However, this creates a misconception of physical resistance, which in fact does not exist. Actually, there is only a varying (dynamic) voltage source whose voltage is not constant but decreases linearly as the load current increases.
Natural voltage source
The reason for this strange behavior can be, as in batteries, chemical. Generally speaking, sources convert some non-electrical energy into electricity. If, for some reason, the current consumed by the load reduces their conversion factor, the voltage across their terminals begins to decrease in proportion to the current. This creates the illusion of physical resistance… but there is no such resistance.
In fact, there is a virtual resistance that is artificially created by changing (decreasing) the voltage when changing (increasing) the current. This is a well-known trick in negative resistance circuits known as negative impedance converters (NICs).
So, the real voltage source is something like a current-dependent voltage source or a current-to-voltage converter. But how do we get a constant voltage source to behave this way?
Equivalent circuit
In the equivalent circuit we use a simple trick - we connect a resistor R in series with a constant voltage source having a maximum voltage. The load current I "creates", according to Ohm's law, a voltage drop V = I.R across the resistor... that is subtracted from the constant voltage... and the resulting output voltage decreases linearly when the current increases.
Thus the combination of a constant voltage source and resistor mimics the varying real voltage source in the famous equivalent circuit. This equivalent real voltage source already has "internal" physical resistance R while the original real voltage source does not have any resistance inside.
So, there is a significant difference between the two sources - original and equivalent, in terms of energy consumption. The former does not dissipate power while the latter dissipates power in the physical resistance... but for the purposes of calculation it does not matter.
It is a pretty silly way to reduce voltage... but it is the only way it is used in analog electronics. The smart way to reduce voltage is to control the process of energy conversion. For example, if this is a thermal power plant, and we want to reduce the voltage of the generator, we simply reduce the amount of coal supplied... and not to supply the same amount of coal and then to dissipate the excess power in some powerful resistors... But in electronics we have no choice and we reduce the voltage in this "stupid" way... always reaching the ubiquitous circuit of a voltage divider.
So this is the simple truth about real voltage sources - there is a decreasing voltage inside them and not a constant resistance. And this decreasing voltage gives us the illusion of resistance.
Mains voltage source
Someone will say that wires have resistance. But they are so short that their resistance is negligible. The connection terminals (for example of a secondary battery) also have a contact resistance ... but it is outside the source. The same is valid for the line resistance...
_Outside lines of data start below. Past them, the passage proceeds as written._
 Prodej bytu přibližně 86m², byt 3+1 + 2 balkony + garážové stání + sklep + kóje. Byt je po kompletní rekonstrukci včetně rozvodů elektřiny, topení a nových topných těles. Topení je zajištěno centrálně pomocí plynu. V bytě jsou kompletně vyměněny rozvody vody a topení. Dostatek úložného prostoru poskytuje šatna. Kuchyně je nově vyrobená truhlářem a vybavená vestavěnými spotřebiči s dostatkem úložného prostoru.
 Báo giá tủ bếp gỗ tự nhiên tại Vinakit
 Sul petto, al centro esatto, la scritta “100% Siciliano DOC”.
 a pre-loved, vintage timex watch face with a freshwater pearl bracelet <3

However, in the case of a mains power supply, the line resistance dominates. Since, for us, the voltage source is the wall socket, the line resistance serves as an internal source resistance (the power plant is the source). Thus both circuits - real and equivalent, are the same... and the source resistance is a physical resistance.
Electronic voltage source
In electronics, we use mainly artificial voltage sources (voltage stabilizers). They consist of a constant voltage source (power supply) and electrically-controlled "resistor" (the collector-emitter part of a transistor) in series. In addition, this "resistor" is dynamic (depends not only on the input voltage but on the load voltage as well). An emitter follower is a typical example.
Because of the finite transistor gain, the output voltage slightly decreases when the load current increases. This gives the illusion of constant internal (output) resistance... but actually this is changing (dynamic) resistance.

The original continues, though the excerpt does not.